---------- SUPPLIED RECORDS ----------

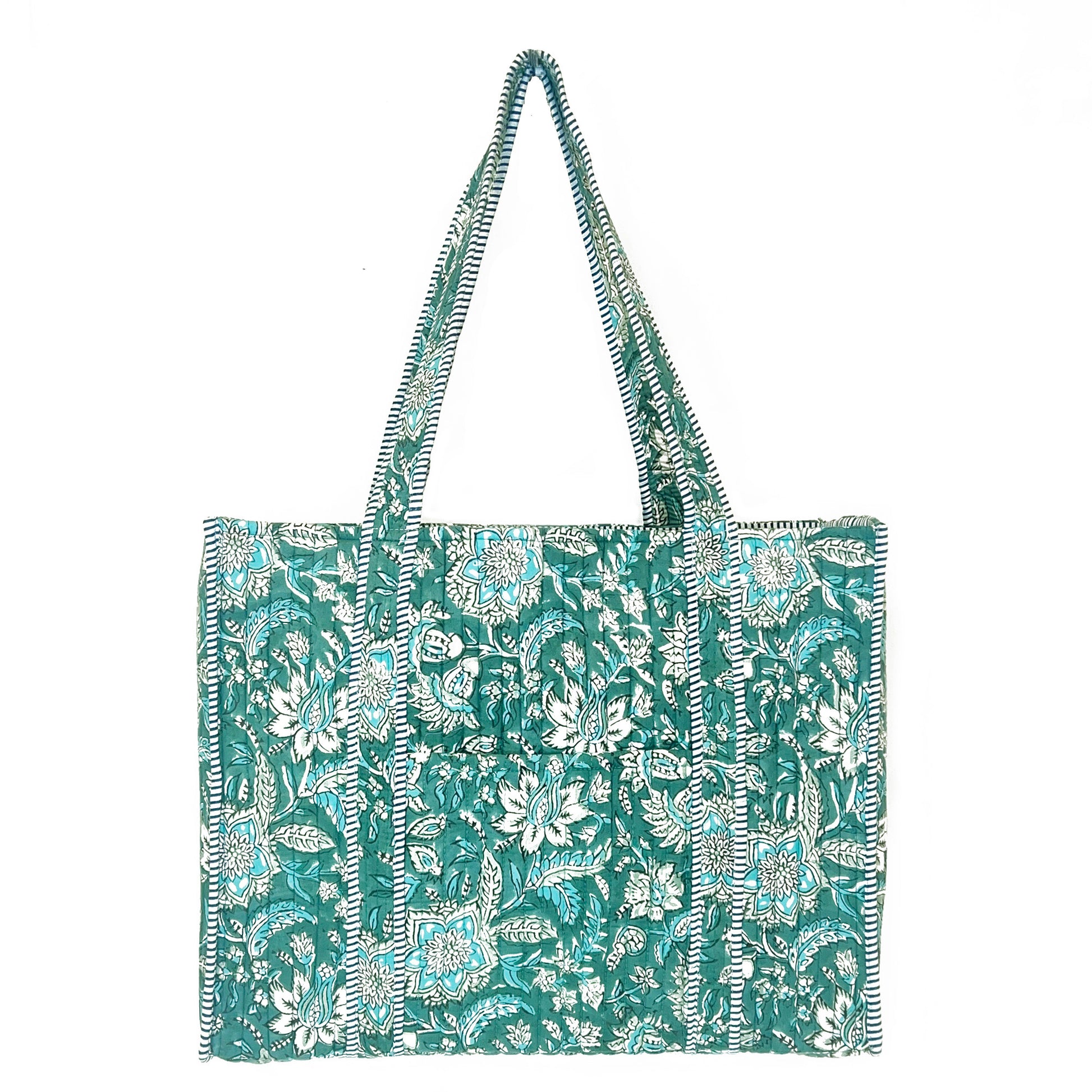 Introduce your customers to quilted bags.. Each bag features unique block-printed patterns lovingly handcrafted by skilled artisans. The intricate designs and vibrant colors make every piece one-of-a-kind, adding a touch of elegance and heritage to your style. Who doesn't love a little extra? Each bag has a built-in pocket inside, perfect for keeping your smaller items organized and within easy reach. By choosing our Quilted Block-Printed Bags, you support sustainable practices and the artisans dedicated to their craft. Feel good about your style and your impact on the world. 100% Cotton.
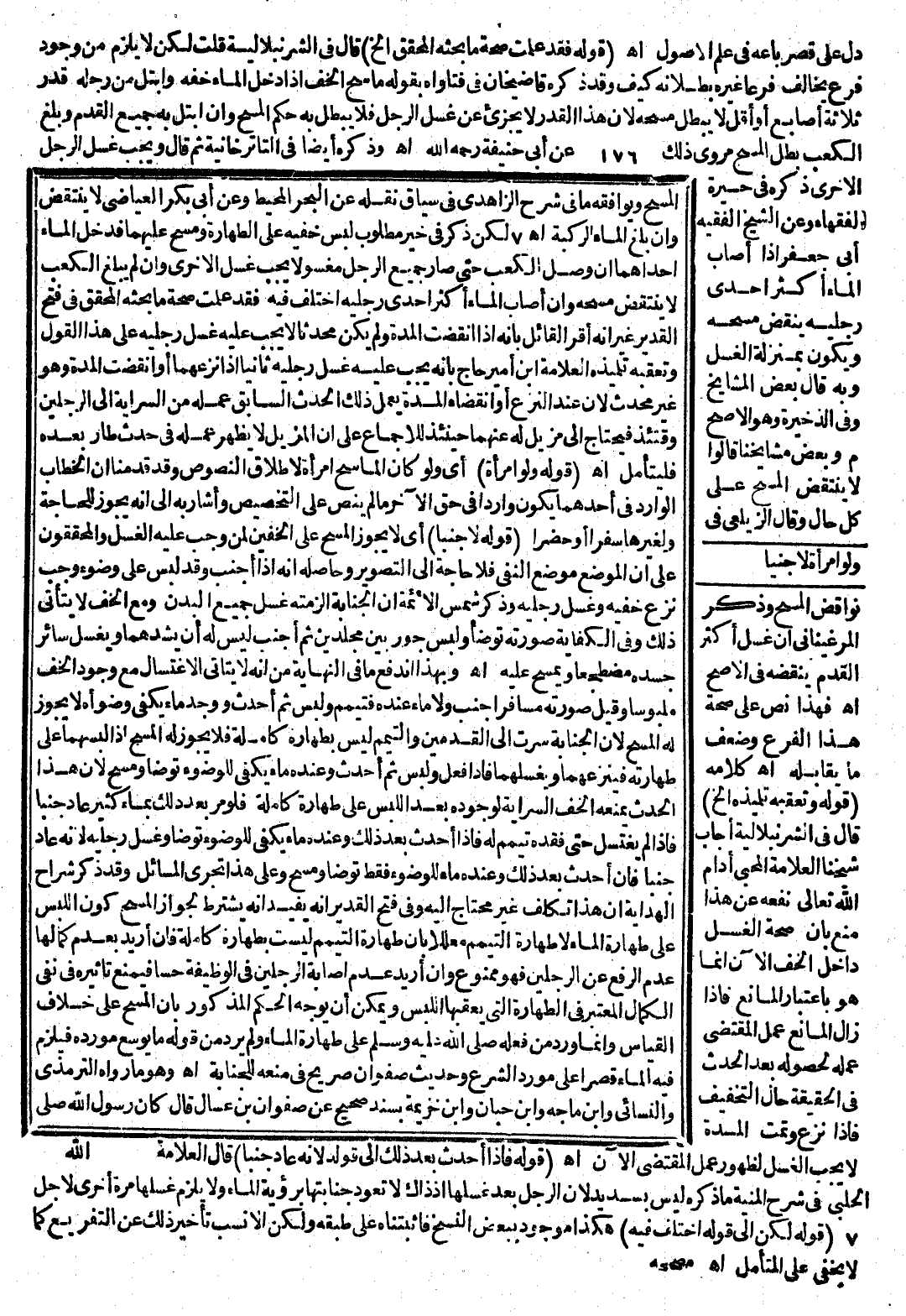 الْمَسْحِ وَيُوَافِقُهُ مَا فِي شَرْحِ الزَّاهِدِيِّ فِي سِيَاقِ نَقْلِهِ عَنْ الْبَحْرِ الْمُحِيطِ وَعَنْ أَبِي بَكْرٍ الْعِيَاضِيِّ لَا يَنْتَقِضُ، وَإِنْ بَلَغَ الْمَاءُ الرُّكْبَةَ. اهـ.
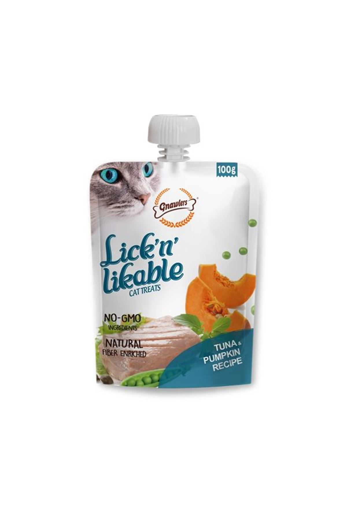 GNAWLERS Lick'n' Likable Ton Balığı & Bal Kabağı Kedi Ödülleri, kedinizin sevdiği gerçek, Ton Balığı ve Bal Kabağılerle hazırlanmış, GMO içermeyen bir tarif sunar.
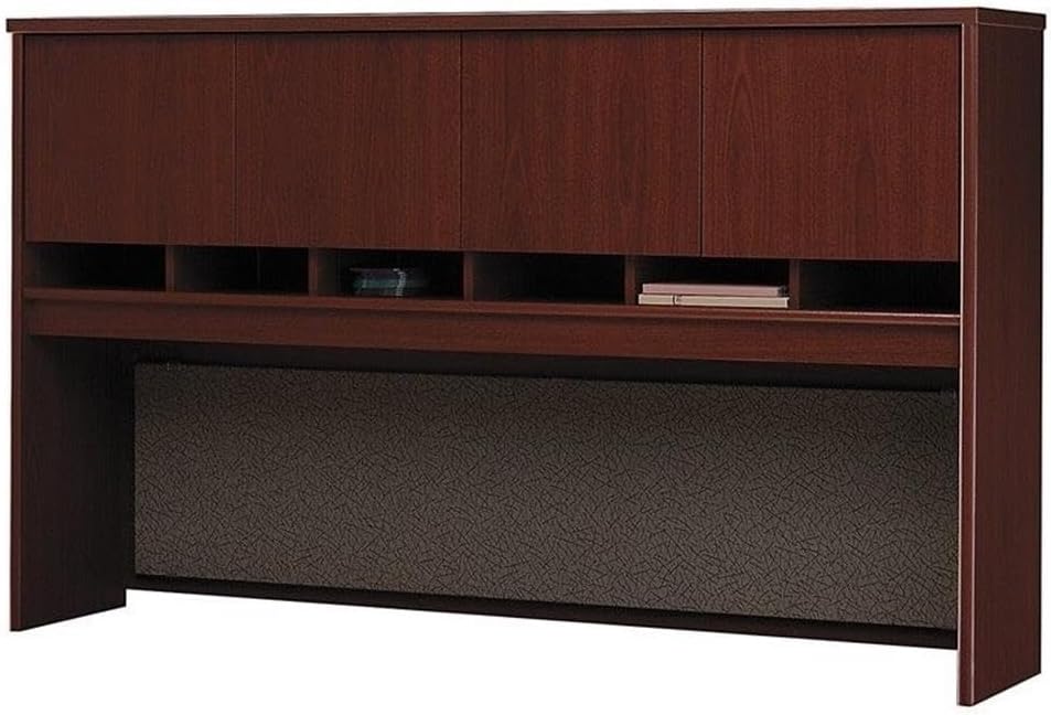 Create a complete workstation by adding the 72"W hutch to your 72"W desk or credenza shell. Featuring four covered storage compartments, and six work-in-progress cubbies, this hutch adds expansive storage to your office. With a fully finished back panel, the hutch provides for versatility in placement. A fabric covered tack board creates additional organizational space to keep notes, calendars and pictures in view.Features:Finish: MahoganyHutch includes fully finished back panel and fabric covered tack boardMonitor clearance is 20.79" highAccepts two task lightsFeatures self-closing euro-style hingesMeets ANSI / BIFMA standards for safety and performance in place at time of manufactureCommercial quality backed by 10-year warrantyManufactured in the U.S.A. with U.S.A. & imported parts and GSA approvedLevel 1 certified to the ANSI / BIFMA e3 furniture standard for environmental sustainability
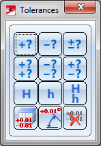 The first three tolerances correspond to the three upper buttons in the Tolerances dialogue that you can call via 2-D Dimensioning + Text > Edit > Aux.text
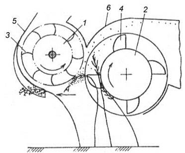 (лопатами) 9, кожуху 10, збірника обчісаного вороху 11.
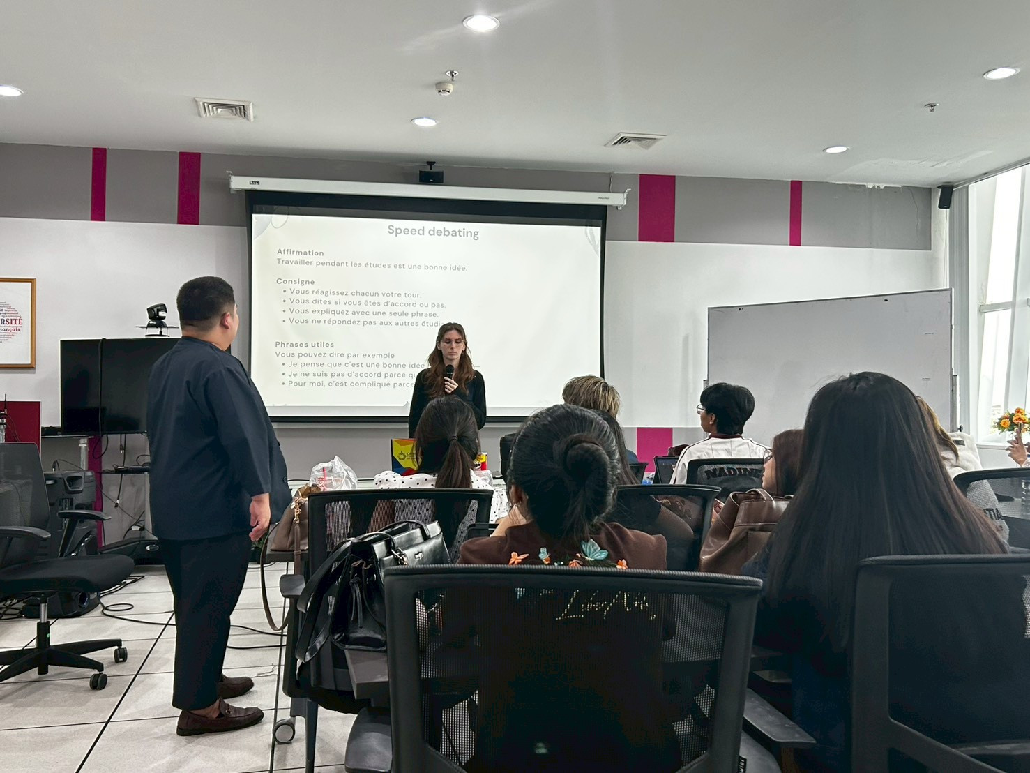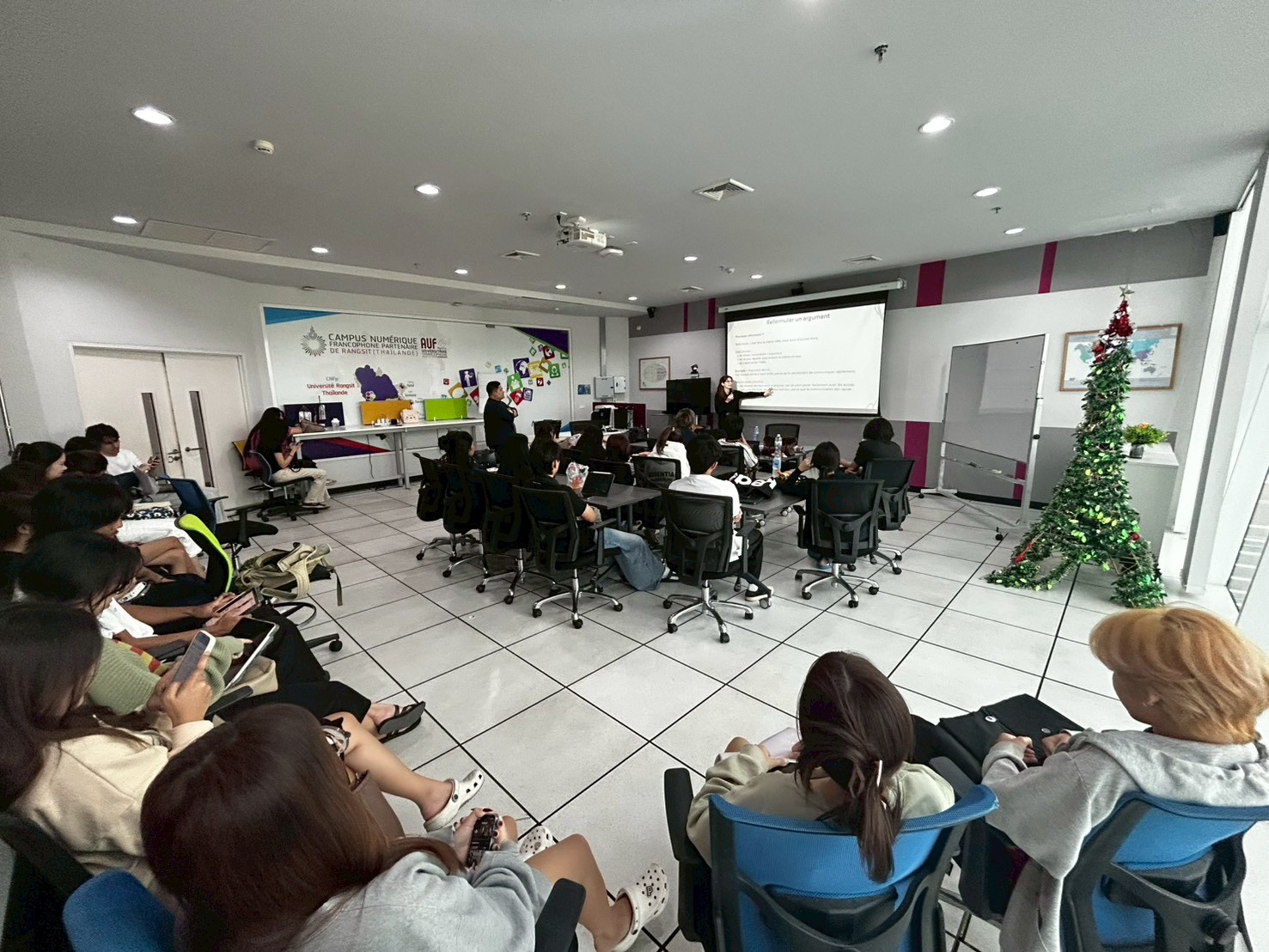 DÉBAT EN FRANÇAIS Le 11 février 2026, nos étudiants francophones ont participé à la première séance consacrée aux bases théoriques du débat : structurer une argumentation pratiquer l’écoute active développer l’esprit critique gagner en confiance à l’oralCette première étape a permis aux participants de mieux comprendre les techniques et les stratégies du débat. Prochaine étape : place à la compétition !Rendez-vous le 25 février 2026 pour le Débat en français – version compétition, où nos étudiants mettront en pratique leurs compétences dans un véritable affrontement d’idées.Restez connectés et venez les encourager !. Salle du CEF Bangkok 11 février 2026
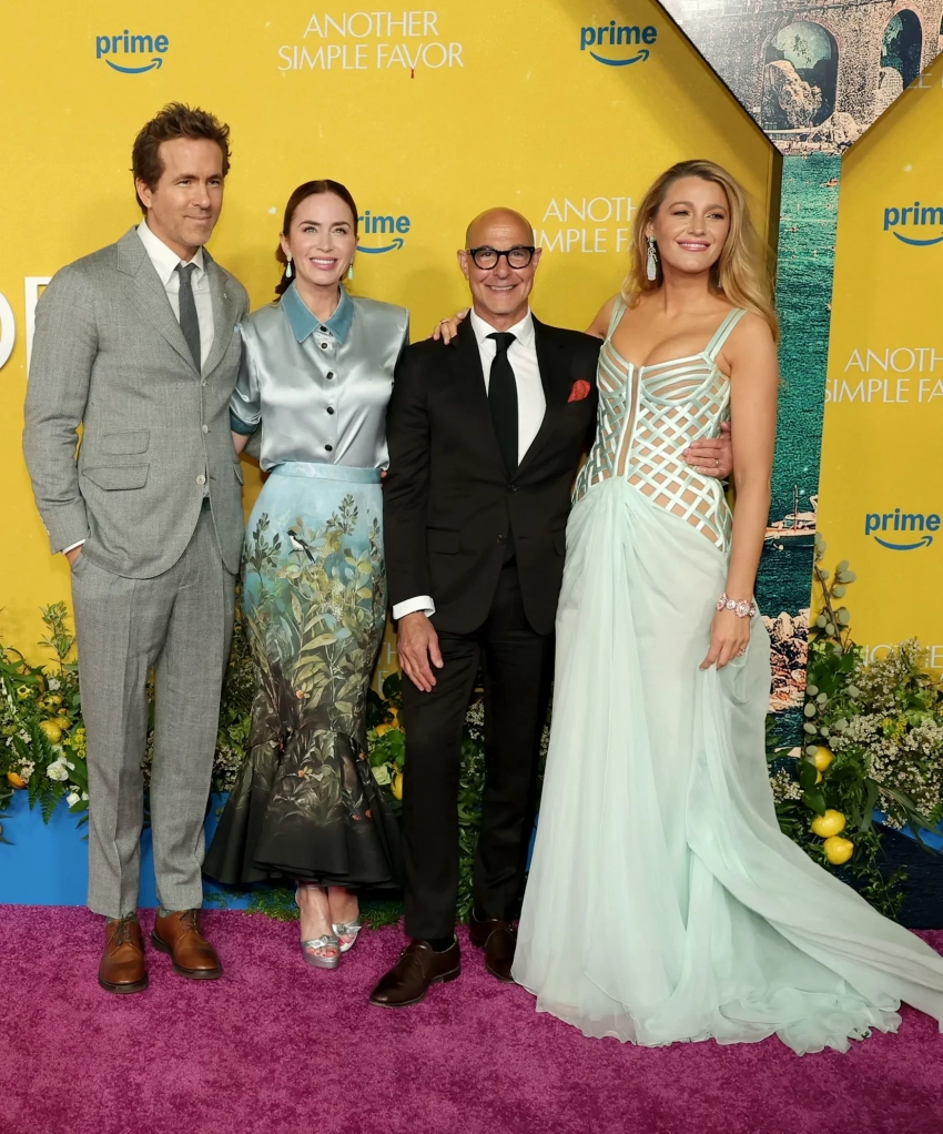 В Нью-Йорке прошла премьера фильма "Ещё одна простая просьба" сиквела ленты "Простая просьба" Пола Фига. Картину представили исполнительницы главных ролей, 37-летняя Блейк Лайвли в мятном платье с корсетом в сетку Tamara Ralph и 39-летняя Анна Кендрик. Вместе со звездой "Сплетницы", появление которой на недавнем гала-вечере Time 100 публично раскритиковали, на дорожке позировал её 48-летний супруг Райан Рейнольдс, а также друзья Эмили Блант и Стэнли Туччи.
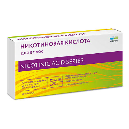 Она используется в производстве косметических средств для ухода за волосами, в домашних же условиях никотинку можно применять для улучшения роста волос и укрепления волосяных луковиц. Препарат продаётся в аптеках в ампульной форме и в виде таблеток для приёма внутрь. Их можно пить только по рекомендации специалиста и ни в коем случае не совмещать с алкоголем. Для предотвращения выпадения шевелюры используются ампулы с витамином РР, представляющие собой стеклянные флакончики с жидкостью без цвета и запаха.

----------

Transcribe every line of the data exactly. No pictures go in the copy.

## EXPECTED ANSWER
 Introduce your customers to quilted bags.. Each bag features unique block-printed patterns lovingly handcrafted by skilled artisans. The intricate designs and vibrant colors make every piece one-of-a-kind, adding a touch of elegance and heritage to your style. Who doesn't love a little extra? Each bag has a built-in pocket inside, perfect for keeping your smaller items organized and within easy reach. By choosing our Quilted Block-Printed Bags, you support sustainable practices and the artisans dedicated to their craft. Feel good about your style and your impact on the world. 100% Cotton.
 الْمَسْحِ وَيُوَافِقُهُ مَا فِي شَرْحِ الزَّاهِدِيِّ فِي سِيَاقِ نَقْلِهِ عَنْ الْبَحْرِ الْمُحِيطِ وَعَنْ أَبِي بَكْرٍ الْعِيَاضِيِّ لَا يَنْتَقِضُ، وَإِنْ بَلَغَ الْمَاءُ الرُّكْبَةَ. اهـ.
 GNAWLERS Lick'n' Likable Ton Balığı & Bal Kabağı Kedi Ödülleri, kedinizin sevdiği gerçek, Ton Balığı ve Bal Kabağılerle hazırlanmış, GMO içermeyen bir tarif sunar.
 Create a complete workstation by adding the 72"W hutch to your 72"W desk or credenza shell. Featuring four covered storage compartments, and six work-in-progress cubbies, this hutch adds expansive storage to your office. With a fully finished back panel, the hutch provides for versatility in placement. A fabric covered tack board creates additional organizational space to keep notes, calendars and pictures in view.Features:Finish: MahoganyHutch includes fully finished back panel and fabric covered tack boardMonitor clearance is 20.79" highAccepts two task lightsFeatures self-closing euro-style hingesMeets ANSI / BIFMA standards for safety and performance in place at time of manufactureCommercial quality backed by 10-year warrantyManufactured in the U.S.A. with U.S.A. & imported parts and GSA approvedLevel 1 certified to the ANSI / BIFMA e3 furniture standard for environmental sustainability
 The first three tolerances correspond to the three upper buttons in the Tolerances dialogue that you can call via 2-D Dimensioning + Text > Edit > Aux.text
 (лопатами) 9, кожуху 10, збірника обчісаного вороху 11.
 DÉBAT EN FRANÇAIS Le 11 février 2026, nos étudiants francophones ont participé à la première séance consacrée aux bases théoriques du débat : structurer une argumentation pratiquer l’écoute active développer l’esprit critique gagner en confiance à l’oralCette première étape a permis aux participants de mieux comprendre les techniques et les stratégies du débat. Prochaine étape : place à la compétition !Rendez-vous le 25 février 2026 pour le Débat en français – version compétition, où nos étudiants mettront en pratique leurs compétences dans un véritable affrontement d’idées.Restez connectés et venez les encourager !. Salle du CEF Bangkok 11 février 2026
 В Нью-Йорке прошла премьера фильма "Ещё одна простая просьба" сиквела ленты "Простая просьба" Пола Фига. Картину представили исполнительницы главных ролей, 37-летняя Блейк Лайвли в мятном платье с корсетом в сетку Tamara Ralph и 39-летняя Анна Кендрик. Вместе со звездой "Сплетницы", появление которой на недавнем гала-вечере Time 100 публично раскритиковали, на дорожке позировал её 48-летний супруг Райан Рейнольдс, а также друзья Эмили Блант и Стэнли Туччи.
 Она используется в производстве косметических средств для ухода за волосами, в домашних же условиях никотинку можно применять для улучшения роста волос и укрепления волосяных луковиц. Препарат продаётся в аптеках в ампульной форме и в виде таблеток для приёма внутрь. Их можно пить только по рекомендации специалиста и ни в коем случае не совмещать с алкоголем. Для предотвращения выпадения шевелюры используются ампулы с витамином РР, представляющие собой стеклянные флакончики с жидкостью без цвета и запаха.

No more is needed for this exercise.